Why aren’t miners well-positioned to run ZK infrastructure? After all, ZK proving, especially for proofs over large circuits, has many similarities with mining. It’s energy and compute intensive and may require specialized hardware. However, we do not believe miners will be early leaders in the proving space.

First, PoW hardware cannot be effectively repurposed for proving. Bitcoin ASICs by definition cannot be repurposed. The GPUs commonly used for mining Ethereum pre-merge like the Nvidia Cmp Hx were specifically designed for mining, making them ineffective at ZK workloads. Specifically, their weak data bandwidth eliminates any real gains from the parallelization provided by the GPU. Miners wanting to enter the proving business would have to accumulate ZK-friendly hardware from scratch.
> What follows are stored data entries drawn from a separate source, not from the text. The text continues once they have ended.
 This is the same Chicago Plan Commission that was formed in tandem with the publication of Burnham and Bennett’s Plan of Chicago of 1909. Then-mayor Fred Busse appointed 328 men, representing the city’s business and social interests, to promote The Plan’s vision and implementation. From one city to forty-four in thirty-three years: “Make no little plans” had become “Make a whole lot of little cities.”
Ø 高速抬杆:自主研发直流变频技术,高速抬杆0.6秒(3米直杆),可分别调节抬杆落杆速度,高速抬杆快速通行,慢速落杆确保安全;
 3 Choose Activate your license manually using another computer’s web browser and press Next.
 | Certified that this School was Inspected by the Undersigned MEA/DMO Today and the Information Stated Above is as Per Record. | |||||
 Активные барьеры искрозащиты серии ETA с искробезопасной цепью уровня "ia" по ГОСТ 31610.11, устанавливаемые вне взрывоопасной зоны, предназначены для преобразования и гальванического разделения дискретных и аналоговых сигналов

Moreover, mining companies’ lack of brand recognition puts them at a disadvantage for stake-based proving. Miners’ biggest strength is their access to cheap energy, which could enable them to charge lower fees or participate in proving markets more profitably, but is unlikely to outweigh their challenges.

Lastly, miners are accustomed to static requirements. Bitcoin and Ethereum mining have not required frequent or significant changes to their hash functions, nor have these operators been tasked with other modifications to the protocol that impact their mining setup (excluding The Merge). By contrast, ZK proving requires staying vigilant to changes in proving technology that may affect hardware setups and optimizations.
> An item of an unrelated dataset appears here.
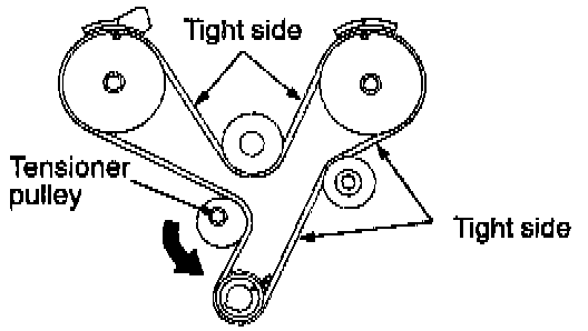(3) Apply force counterclockwise to the camshaft sprocket on the rear side. When the tight side of the belt is taut, check that the timing marks are all aligned.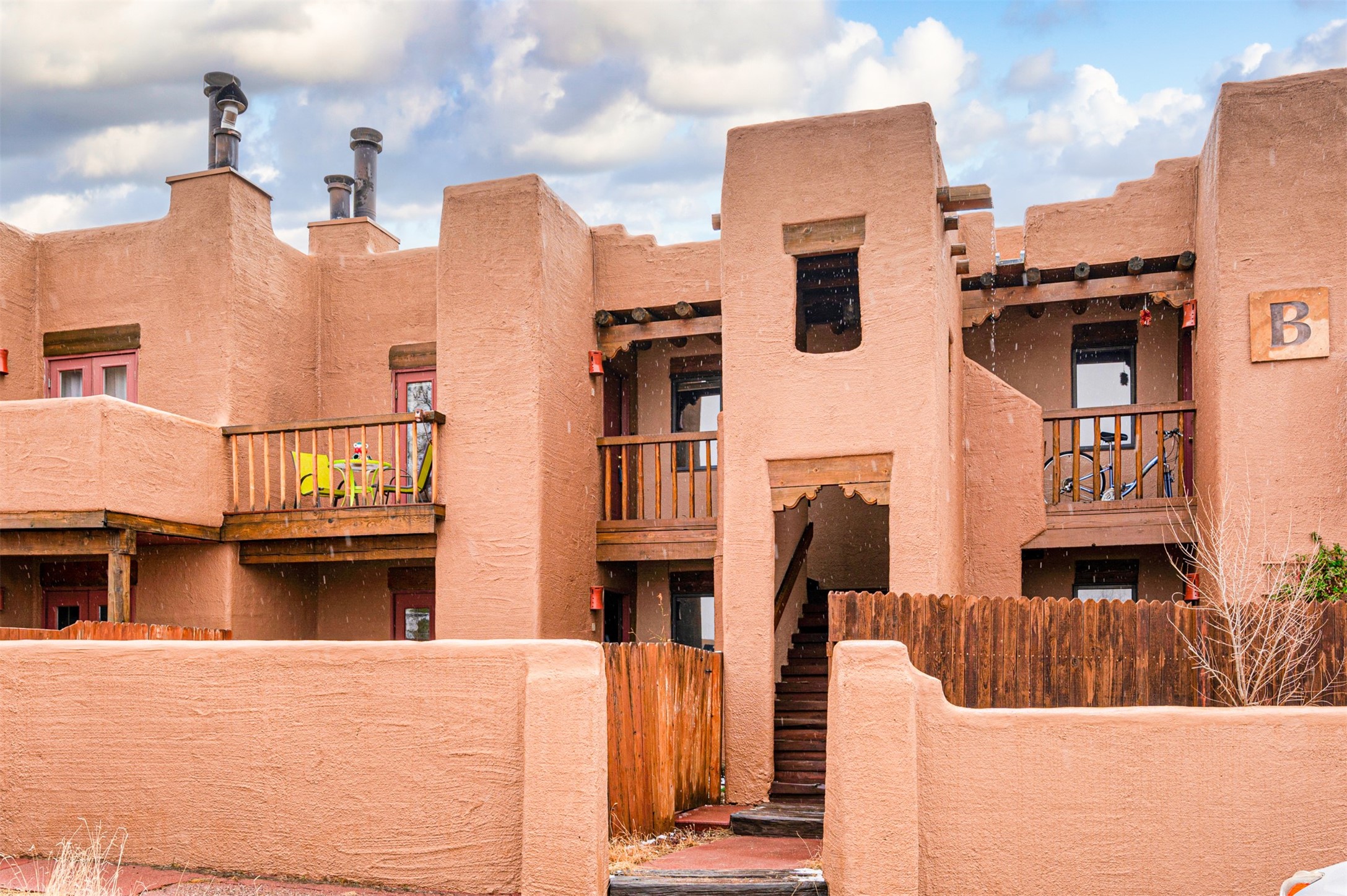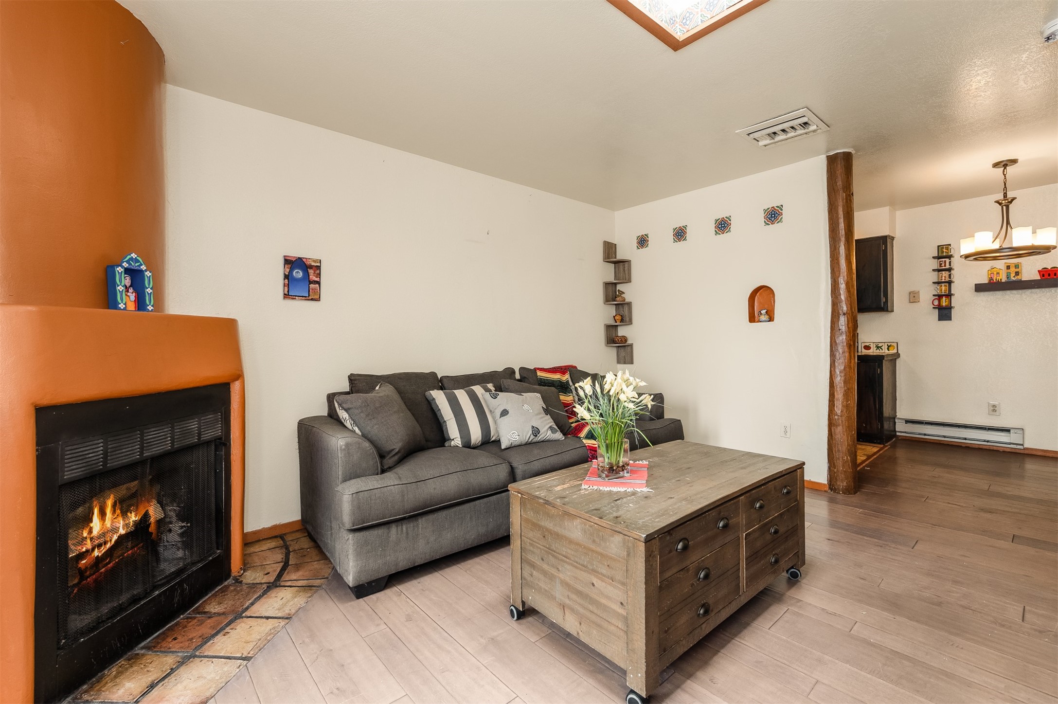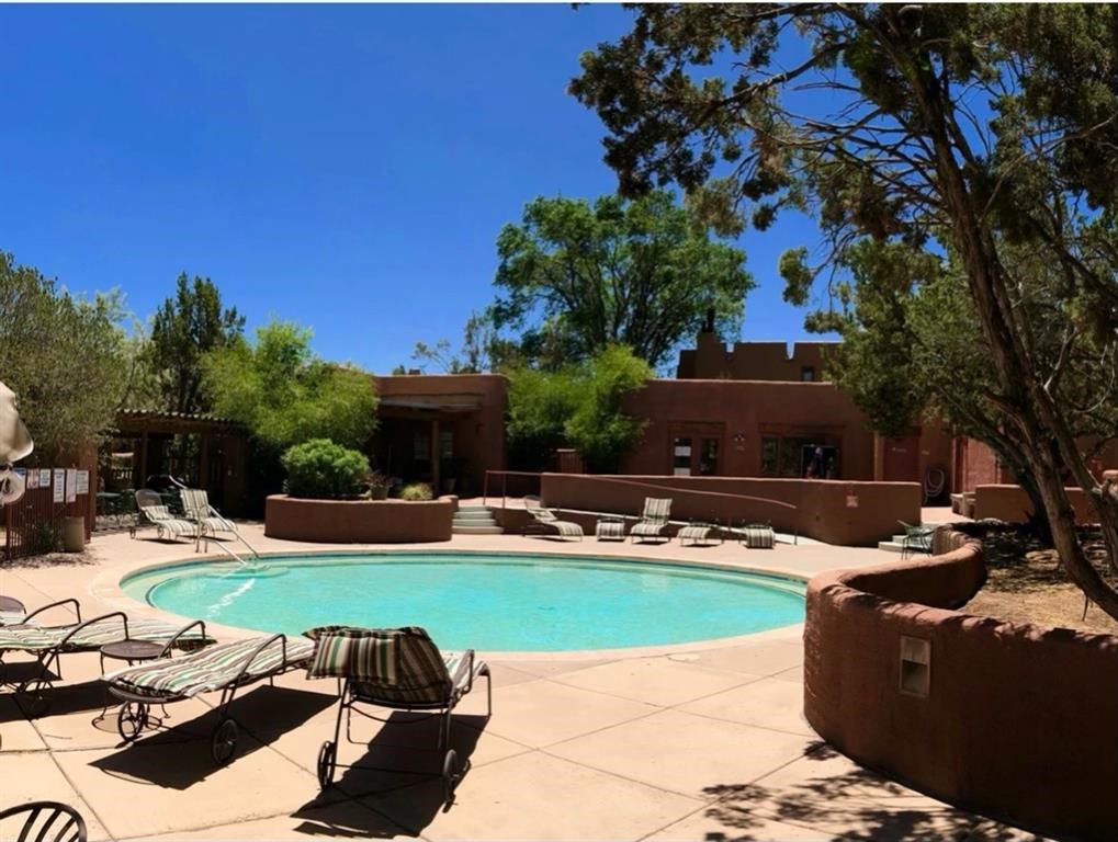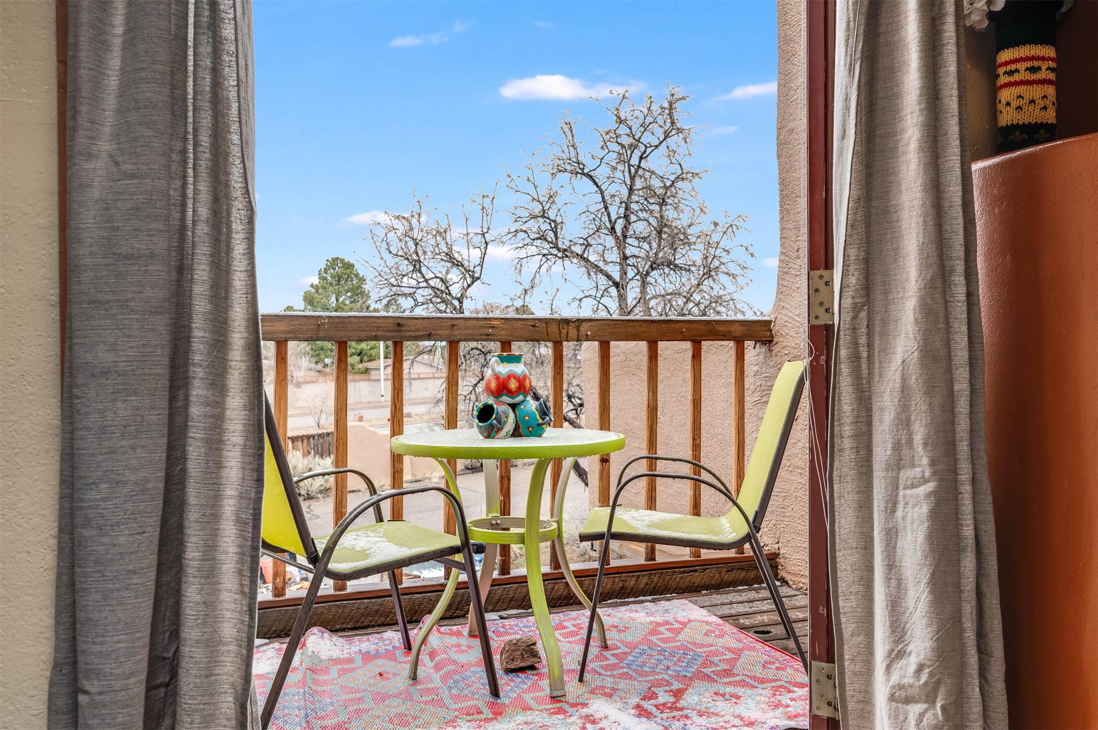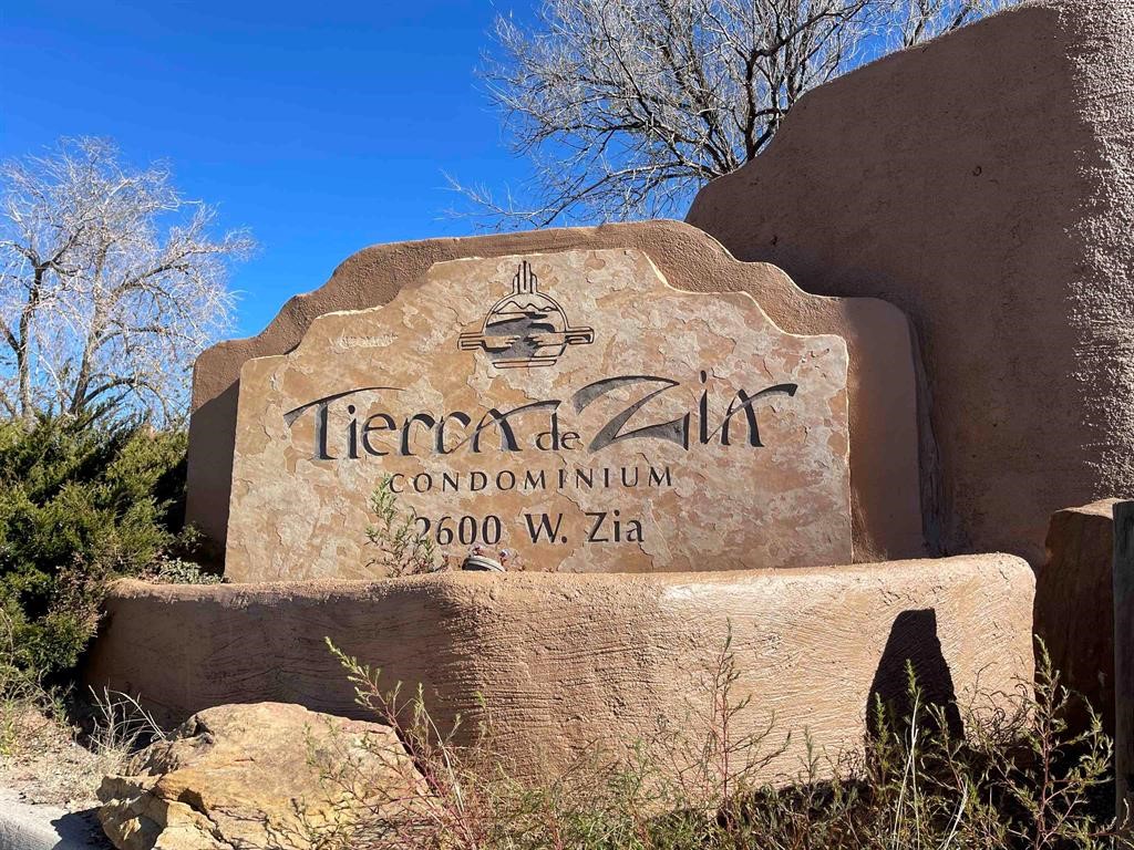 This 2nd floor, 1 bedroom, 1 bath unit is the perfect pied-a-terre or sweet small home with rustic, country-life finishes. Kitchen features newer stainless steel appliances and counters with cheerful, vintage tropical fruit-themed tile. The living room features a beautiful kiva fireplace and a large skylight which brightens the entire unit. Nichos and display shelves adorn the walls. Laminate wood floors throughout the unit except for tile in the bath and kitchen. The unit has a large walk-in closet with lots of vertical storage and another large closet in the living room that you can outfit to your specific needs. French doors open onto a sweet balcony perfect for outdoor dining or lounging. The unit has one assigned parking space located directly in front of the staircase. Tierra de Zia Condominiums comprise 149 units and condos spread over 13.5 acres of native plantings and trees, arroyos, fish ponds, and wooden bridges. Further amenities include a heated swimming pool, sauna, BBQ area, fully equipped laundry facility, community room and a planned dog run. Tierra de Zia is gated for additional privacy and security and is a non-smoking community.

The stake-based prover model is a natural fit for validator companies. Retail and institutional investors in ZK applications will delegate their tokens to infrastructure providers to generate rewards. Staking businesses have the existing teams, experience, and relationships to attract large delegations to their infrastructure. This applies even to protocols that do not support delegated PoS, as many validator companies offer whitelisted validator services to run infrastructure on another party’s behalf, a common practice on Ethereum.

Validators do not have the same access to affordable electricity that miners do, making them a poor fit for the most energy-intensive tasks. Running provers for a validity rollup would require a more intensive hardware setup than a normal validator, but can likely fit within a validator’s current cloud or bare metal infrastructure. But like miners, these companies do not have in-house ZK expertise that could stay competitive in proof races. Outside of stake-based proving, running ZK infrastructure is a different business model from running validators and doesn’t have strong flywheel effects with the staking business. We expect ZK-native infrastructure providers to dominate non-stake based and high performance proving tasks.

Conclusion

Most provers today are run by the teams building the applications that require them. As more ZK networks launch and decentralize, new operators will enter the market to meet the proving demand. Who those operators are is contingent on the prover selection model and on the prover requirements that specific protocols impose.

Staking infrastructure companies and ZK-native infrastructure operators are best positioned to dominate this new market.⁴

Decentralized proving is an exciting new category of blockchain infrastructure. If you’re an application developer or infrastructure provider building in ZK, we’d love to hear from you.

Footnotes

1. Like shared sequencers, shared provers provide decentralized infrastructure as a service, but there are important differences. Shared sequencers help form a global transaction ordering, which is necessarily non-parallelizable. On the other hand, shared provers can be parallelized, as the applications’ proofs do not require a global ordering.
2. In some cases, proof generation can be distributed across multiple operators. But even in this multi-prover setup, the basic market structure remains the same: there is only one proof generation task for which provers are selected at a time.
3. The 3rd major category are RPC providers like Alchemy and Infura
4. We originally believed that ZK-native infrastructure operators would control ZK infrastructure. After further research, we realized that the prevalence of staking and GPUs in proving infrastructure provided a stronger opportunity for validators than we initially anticipated.